Data segment:
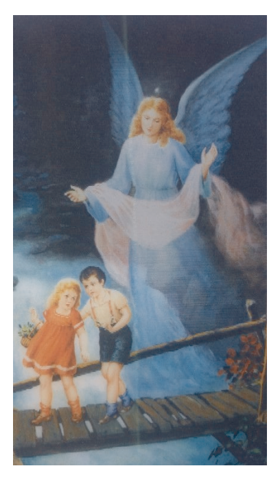
Fig. 3: Kitsch: A postcard with a guardian angel watching over two small children crossing a wild river, EGIM srl Milano, Italy.

martial and potentially bisexual males they had been.»<sup>17</sup> Therefore these female angels are often used to illustrate moments of the strongest emotions, greatest joy and most intense pain. We see these angels in various portraits of the deposition from the cross or supporting the dead Christ (so called angel pietà ).<sup>18</sup> But they also praise, often gathered in groups, the expectant mother or sing for the new born child. As so called soul bearers angels appear on Italian tombstones and mourning monuments in the 13<sup>th</sup> century.<sup>19</sup> As – in this sense – guardian angels, they watch over humans (Mt. 18:10) and assist them actively to avoid trespassing the law and live a good life. In the 14<sup>th</sup> century they also become guides or escorts of deceased persons – a development of the soul bearer role that transforms the function
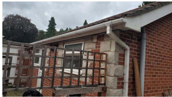
4 east aspect

What you need to do: If a picture appears in the data, omit it; transcribe all the rest exactly.

Solution for this problem:
Fig. 3: Kitsch: A postcard with a guardian angel watching over two small children crossing a wild river, EGIM srl Milano, Italy.

martial and potentially bisexual males they had been.»<sup>17</sup> Therefore these female angels are often used to illustrate moments of the strongest emotions, greatest joy and most intense pain. We see these angels in various portraits of the deposition from the cross or supporting the dead Christ (so called angel pietà ).<sup>18</sup> But they also praise, often gathered in groups, the expectant mother or sing for the new born child. As so called soul bearers angels appear on Italian tombstones and mourning monuments in the 13<sup>th</sup> century.<sup>19</sup> As – in this sense – guardian angels, they watch over humans (Mt. 18:10) and assist them actively to avoid trespassing the law and live a good life. In the 14<sup>th</sup> century they also become guides or escorts of deceased persons – a development of the soul bearer role that transforms the function
4 east aspect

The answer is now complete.